The Khmer Rouge Killing Fields at Choung Ek, outside Phnom Penh

A shocking window on just how dark human nature can be. The killing fields of Choung Ek were a half hour tuk tuk ride from our lakeside guesthouse in Phnomn Penh. One of the many sites around Cambodia where the Kymer Rouge, under the rule of Pol Pot, beat to death and buried millions of its fellow Cambodians.

Paul, our Tuk Tuk driver took us out from the guesthouse, through midday Phnomn Penh traffic and along the unsealed dusty road that leads out of the capital. The Same route that was travelled by the condemned in trucks from security prisons in the city.

We arrived in the almost empty dirt yard that acted as a car park and went off and got our admission tickets. As we walked into the site, it initially looks like a park or a peaceful recreation spot, with no immediately obvious signs of the horrors that occurred there. In the background were the noises of local children playing at a school. In front of us stood a large gold topped stupa. As we got closer, it quickly became apparent that this huge structure was absolutely crammed from top to bottom with the skulls of some of the 9000+ people that had thus far been exhumed from the mass graves at the site.

We spent some time inside the structure, completely shocked by the site. The cases and shelves containing the skulls are open, and tower, stories above you. The extremely narrow passageway that runs between the outer wall of the stupa and the cases of skulls means that you have no choice but to be inches from the thousands of skulls. Plastic signs request that you don't touch them. They are arranged by sex and approximate age at death. The point at which we entered brought us in front of hundreds of skulls of those aged 5 -9.

We left and started to walk around the site. Various information boards told of where buildings once stood, containing chemicals used in an attempt to subdue the smell, as well as kill any of the victims who were only stunned by the blows inflicted on them. Signs around the site requested that we didn't walk on the still unexcavated mass graves.

We came across a large tree with a thick branch running perpendicular to the trunk, on it hung a sign telling of how the Khmer rouge soldiers used the branch to hang a loudspeaker playing music at a decibel level high enough to drown out the cries and screams of the children who were being beaten to death against the trunk. Against this same trunk today were stacked piles of fractured bones that had been found on the ground nearby since the fall of the Khmer Rouge.


As we walked around the unkept paths we could see pieces of bone, teeth and clothing embedded in the ground all around us. As Cambodia had slowly forged itself a position on the backpackers trail, the number of visitors to the site had been wearing away the earth of the makeshift pathways, slowly exposing the bodies buried just below the surface that we were inadvertently walking across.

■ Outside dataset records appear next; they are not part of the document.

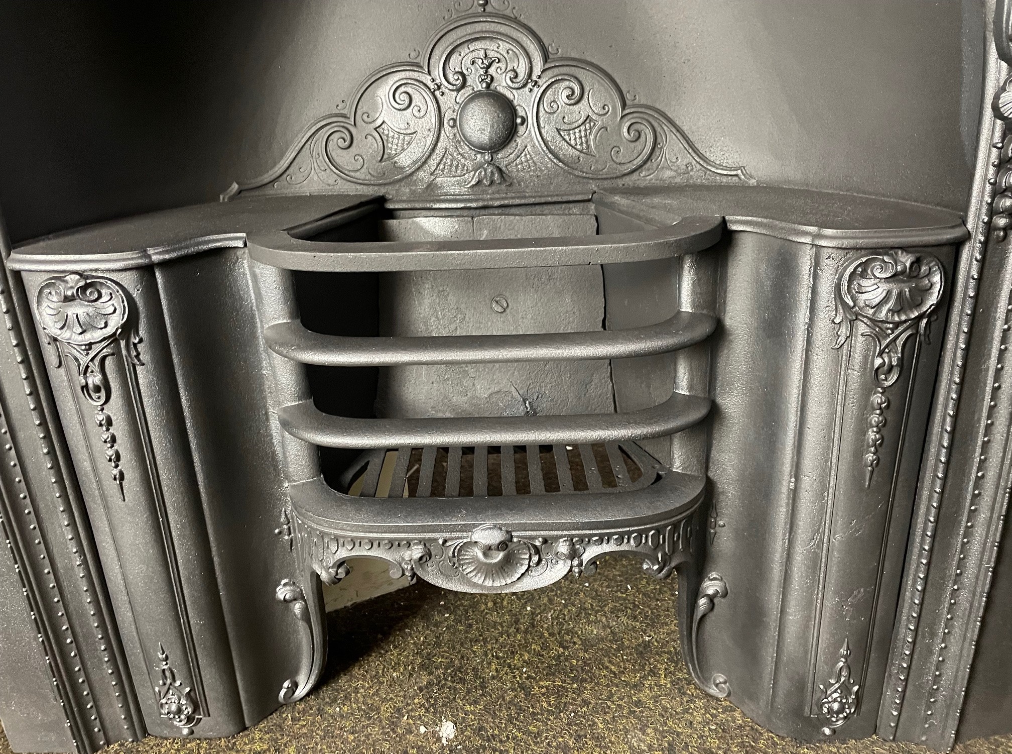 Reference: AHG 1106 - Original antique cast iron Georgian hob grate all complete with original grate and draught plate with beautiful decorative detailing around the opening
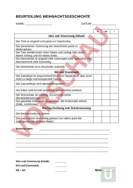 BEURTEILUNG WEIHNACHTSGESCHICHTE NAME: DATUM: /- Idee und Umsetzung (Inhalt) Der Titel ist originell und passt zur Geschichte. Die Geschichte Stimmung der Geschichte passt zu Weihnachten. Der Text enthält einen roten Faden und verfügt über einen klaren Anfang und ein klares Ende. Die Geschichte ist originell oder interessant oder spannend oder überraschend oder kurzweilig Die Geschichte ist in Abschnitte unterteilt. Stil und Grammatik Die Satzlänge ist ansprechend (nicht nur Hauptsätze, aber auch nicht zu lange und komplizierte Sätze). Die Satzanfänge sind abwechslungsreich. Die Sätze sind korrekt aufgebaut und teilweise poetisch. Der Wortschatz ist vielfältig. Es kommen keine Wortwiederholungen vor. Die gewählte Zeit wurde eingehalten, die Grammatik stimmt (Fälle, Verbfomen). Rechtschreibung und Zeichensetzung Die Rechtschreibung stimmt. Die Satzzeichen sind richtig gesetzt (vor allem auch die Satzzeichen der direkten Rede). Bemerkungen: Idee und Umsetzung (Inhalt): Stil und Grammatik: RS SZ: Note:
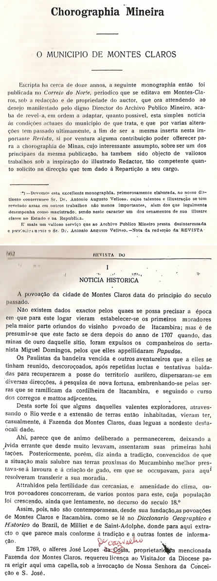 A mais antiga notícia em formato acadêmico que se tem de Montes Claros foi divulgada na capital Ouro Preto pela Revista do Archivo Público Mineiro, em outubro e dezembro de 1897. Doze anos antes, havia sido publicada em M. Claros, pelo jornal Correio do Norte, "de propriedade do autor". É um documento raro hoje em dia, saído da pena do depois desembargador Dr. Antônio Augusto Veloso, reconhecido e homenageado como o pai da imprensa de Montes Claros.
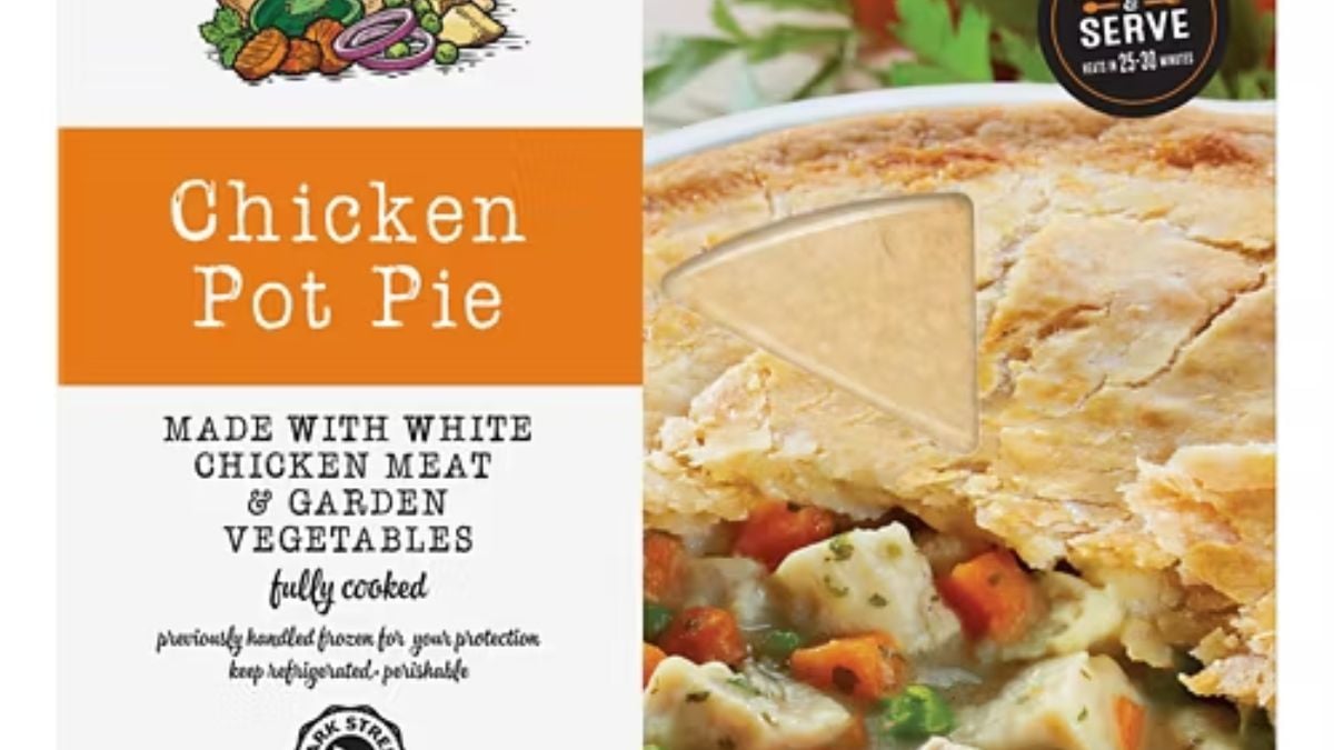 Skip the pricey comfort food and grab Aldi’s 30-oz. Park Street Deli chicken pot pie for $9.59, serving five. Tender chicken, peas, and carrots sit in a flaky crust that reviewers love. Many compare it favorably to other brand favorites. It’s filling, convenient, and perfect for family meals.
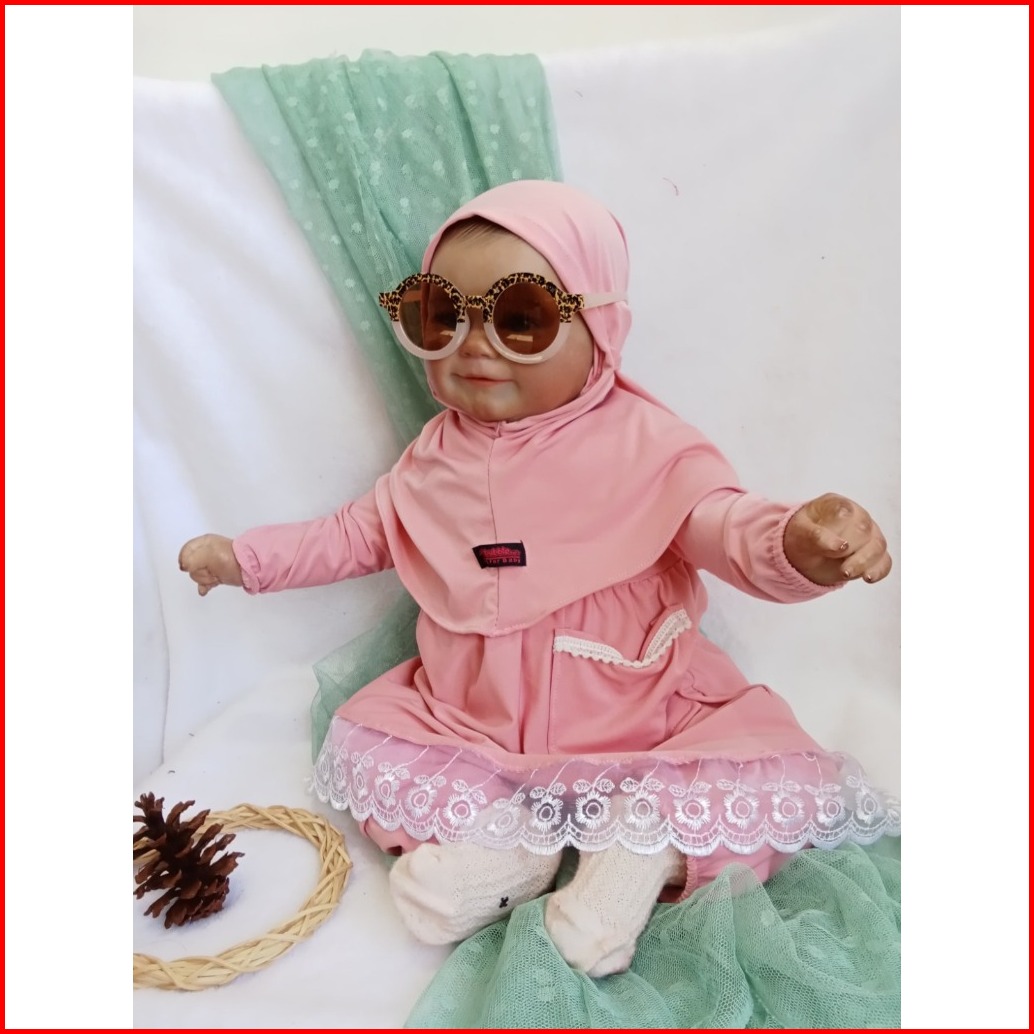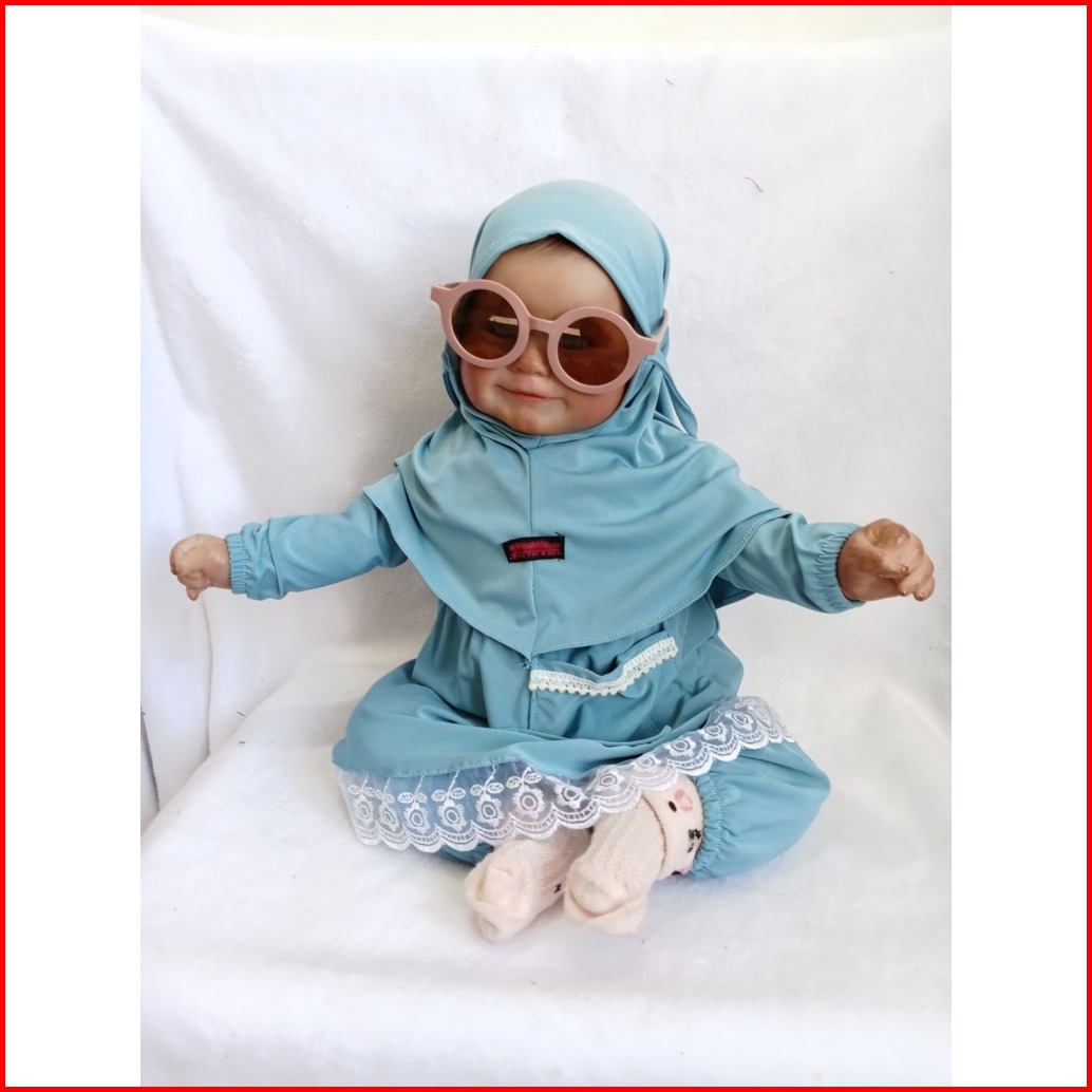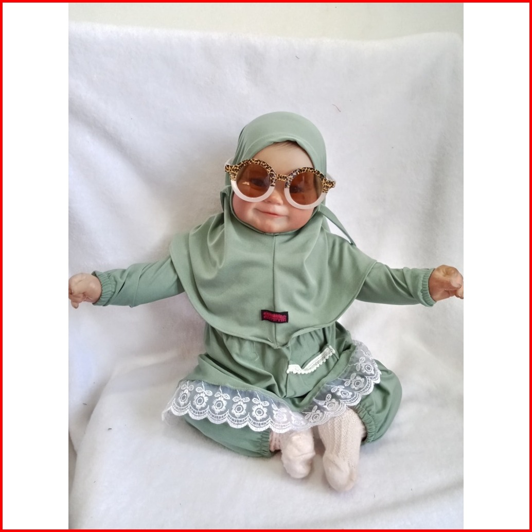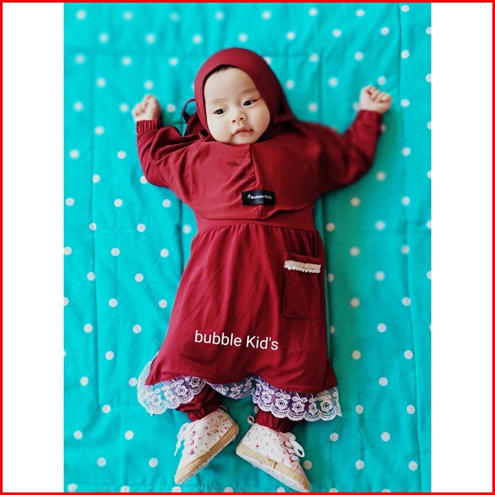 Setelan Gamis Hijab Alena Pakaian Anak Perempuan Bayi Anak Balita Fashion Muslim Katun Polos Renda 0-2 5 Tahun
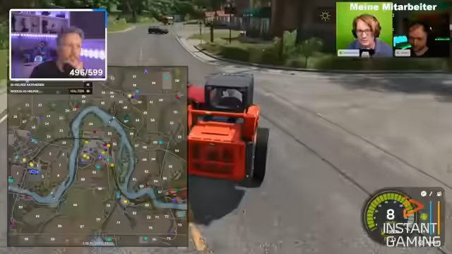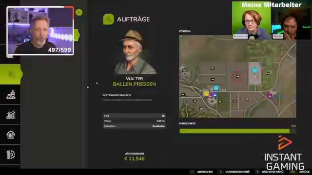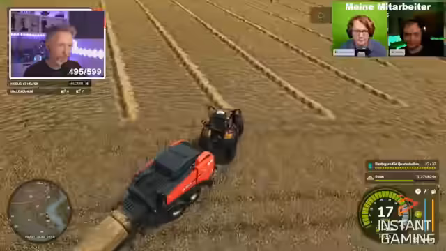 00:56:58Es wird das Spielkapital von 750.000 Euro erwähnt und dass die Wirtschaft auf "easy" gestellt ist. Es werden die Aufträge im Spiel besprochen, die über ein Menü zugänglich sind. Ein humorvoller Kommentar über einen möglichen Zeitungsartikel, in dem ein Zuschauer nach dem Nachahmen einer Aktion im Spiel stirbt, wird gemacht. Die Notwendigkeit, Maschinen für Aufträge zu mieten, wird hervorgehoben. Der Verkauf der produzierten Güter erfolgt über den Händler, zu dem man mit dem Ladewagen fährt. Es wird die Möglichkeit erwähnt, später im Spiel Bäckereien, Maschinen oder Fabriken zu kaufen. Das automatische Abladen mit dem Ladewagen wird als "High-Advanced-Shit" bezeichnet, lohnt sich aber aktuell nicht wegen der geringen Menge. Die Map, Job-Erstellung und die Möglichkeit, Aufgaben zu delegieren, werden kurz angesprochen. Die Frage, ob Stroh liegen gelassen oder für Tierfutter verwendet werden soll, wird aufgeworfen. Der Kauf einer Ballenmaschine wird diskutiert, wobei der Chat auf die spätere Verwendung von Stroh für Tierfutter hinweist. Es wird überlegt, ob die Ballenpresse des Mitspielers mitbenutzt werden kann. Das Mieten von Sachen wird erklärt: Im Kaufmenü kann man mit der Leertaste den Mietpreis anzeigen lassen. Der Chat rät von Ballenpresse und Ladewagen ab, aber es wird in Erwägung gezogen. Es wird die Frage aufgeworfen, ob der Streamer die Ballenpresse auch mitbenutzen kann, wenn sie schon vom anderen gemietet wurde.
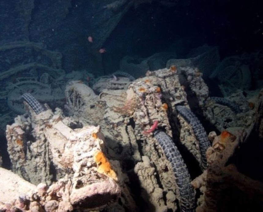 バイクはおんなじのばっかり捨ててもったいない…と思ったら撃沈された輸送船なのね。一回も走らず沈められたなんてさらにもったいない…。
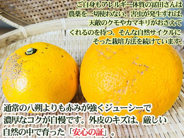 農薬や肥料を一切使わず、自然の力だけで育ったこの八朔は、通常の八朔よりも赤みが強く、
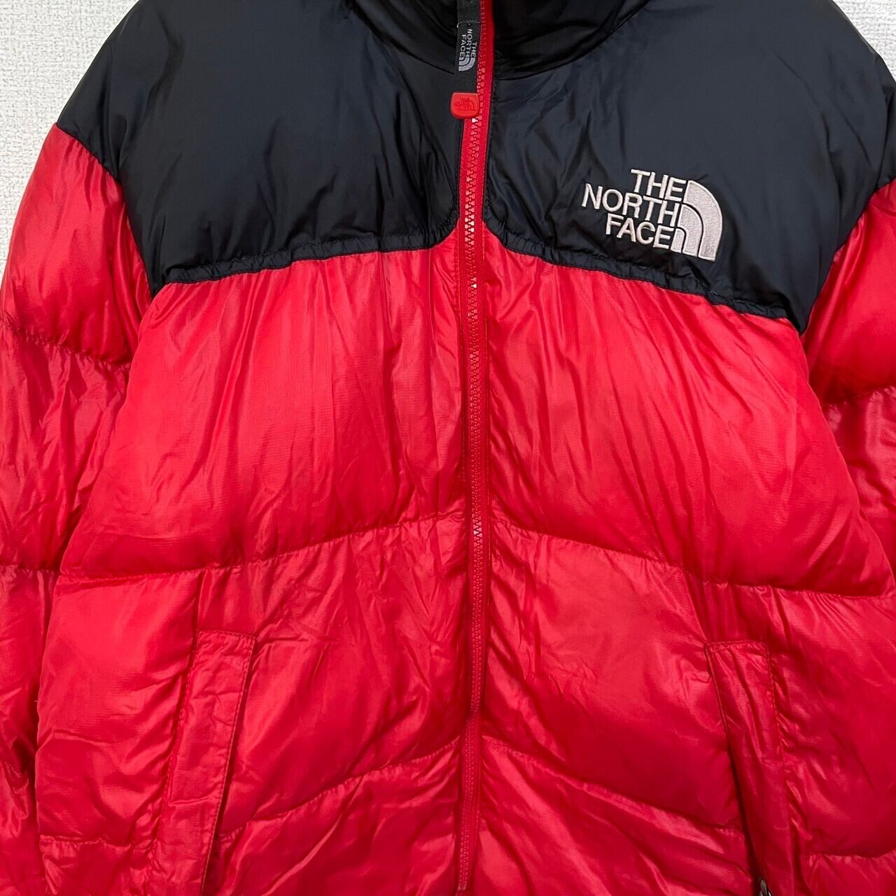ノースフェイス ダウンジャケット ヌプシ 700 赤レッド黒ブラック 刺繍8K 古着 バイカラー ワンポイントロゴ
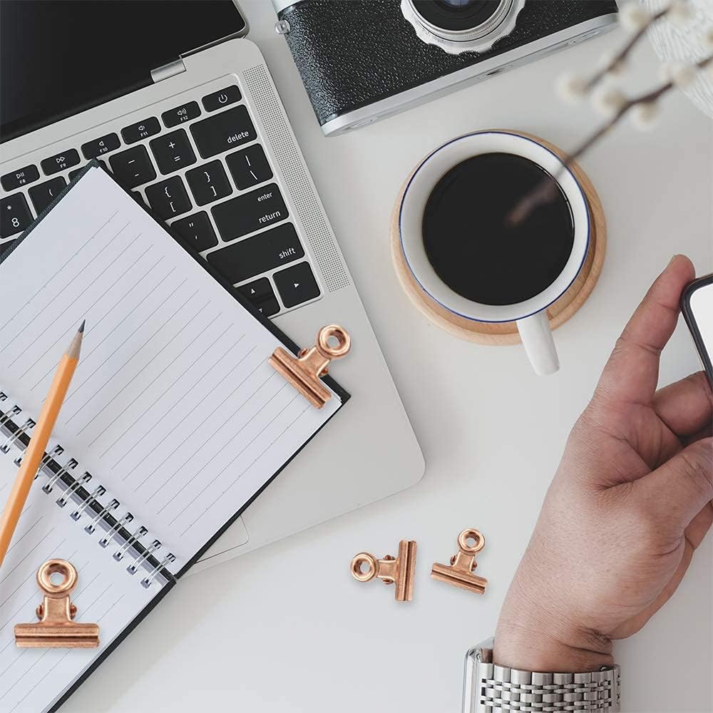 12 Pack Bulldog Clips with Push-pins for Corkboard,Metal Clips for Crafts, Metal Binder Clips for Pictures, Spring Paper Clamps for Office Documents (Rose Gold,1.5inch)
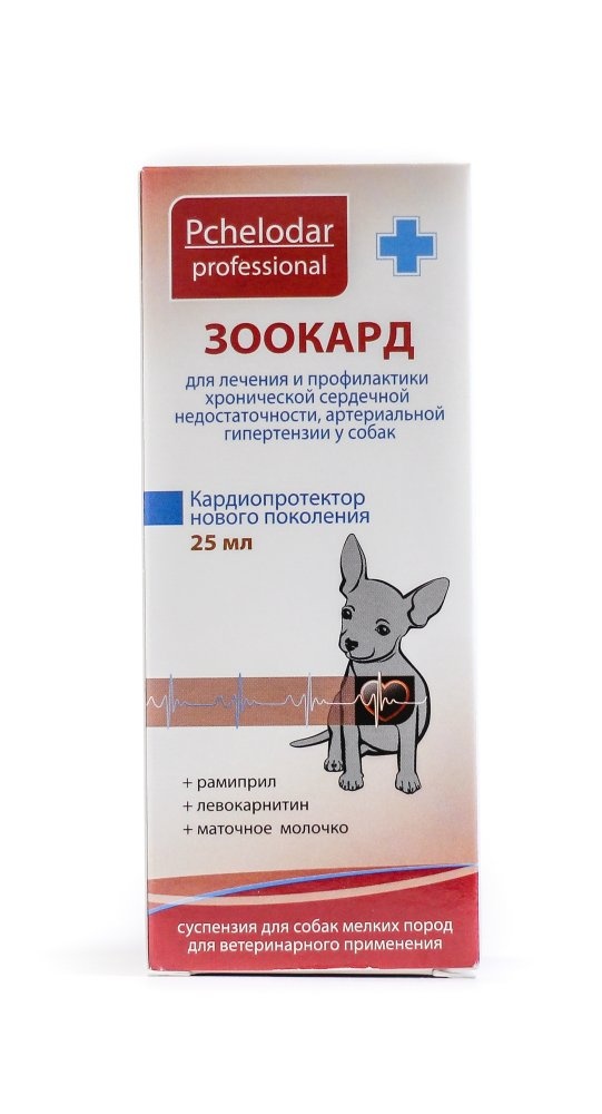 Фармакотерапевтическая группа: Ингибиторы АПФ. Активные компоненты Зоокарда оказывают антигипертензивное, вазодилатирующее и кардиопротективное действие. Рамиприл – гипотензивное средство, ингибитор ангиотензин-превращающего фермента. Механизм антигипертензивного действия связан с конкурентным ингибированием активности АПФ, которое приводит к снижению скорости превращения ангиотензина I в ангиотензин II, являющегося мощным сосудосуживающим веществом. Уменьшает давление в легочных капиллярах и сопротивление в легочных сосудах; повышает минутный объем сердца и выносливость к нагрузке. У животных с признаками хронической сердечной недостаточности, после инфаркта миокарда рамиприл снижает риск внезапной смерти и прогрессирование сердечной недостаточности. Значительно уменьшает частоту инфаркта миокарда и инсульта у животных. Понижает общее сосудистое периферическое сопротивление, замедляет возникновение и прогрессирование хронической сердечной недостаточности, снижает общую смертность животных. Оказывает антигипертензивное действие, не вызывая компенсаторной тахикардии. Эффективность рамиприла не зависит от пола, возраста и массы тела животного. Рамиприл значительно снижает имеющуюся микроальбуминурию и риск развития нефропатии. Эти эффекты отмечаются у животных, как с повышенным, так и с нормальным артериальным давлением. Гипотензивный эффект рамиприла развивается примерно через 1-2 ч, достигает максимума в пределах 3-6 ч, продолжается не менее 24 ч. L-карнитин является аминокислотой, которая имеет большое значение в процессе энергетического метаболизма миокарда и необходима для поддержания нормальной сердечной деятельности у животных. L-карнитин транспортирует высокомолекулярные жирные кислоты в митохондрии, а также для бетаокисления и синтеза АТФ, за счет чего, сердце получает большую часть требуемой энергии. L-карнитин повышает выносливость при высоких физических нагрузках, а также оказывает регенерирующее и антигипоксическое действие. Пчелиное маточное молочко – это биогенный стимулятор, который необходим при нарушениях кровоснабжения сердца, сопровождающихся болезненными приступами стенокардии, тяжестью в сердечной области при сердечной недостаточности. Способствует нормализации обмена веществ, повышению иммунитета и быстрому восстановлению организма. После приема внутрь 50-60% препарат быстро всасывается из желудочно-кишечного тракта. Прием пищи не замедляет всасывание. Максимальная концентрация в сыворотке крови достигается через 1-4 часа. Зоокард выводится из организма теплокровных животных через почки (60%) и, преимущественно в виде метаболитов, с калом (40%), поэтому отсутствует угроза передозировки при патологии печени или почек. По степени воздействия на организм относится к малоопасным веществам (4 класс опасности по ГОСТ 12.1.007-76). В рекомендуемых дозах не оказывает эмбриотоксического, тератогенного, сенсибилизирующего и мутагенного действия.
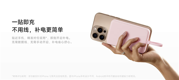 The product has 2 built-in 5000mAh battery cells, which can charge iPhone 16 Pro for about 2 times, provide 7.5W magnetic wireless charging, with 13N magnetic attraction, accurate adsorption, suitable for iPhone 12 and subsequent models, wireless charging automatic induction, one suck and charge.

A small acrylic sided box to the right of the pathway displayed a sign explaining that the contents was pieces of skeletons and personal effect that had been found around the site since the early excavations of the mass graves. As the box was fall and locked the lid was piled with many more pieces that visitors to the sight had found and placed there in the hope that one day someone may have the will and resources to catalogue them correctly.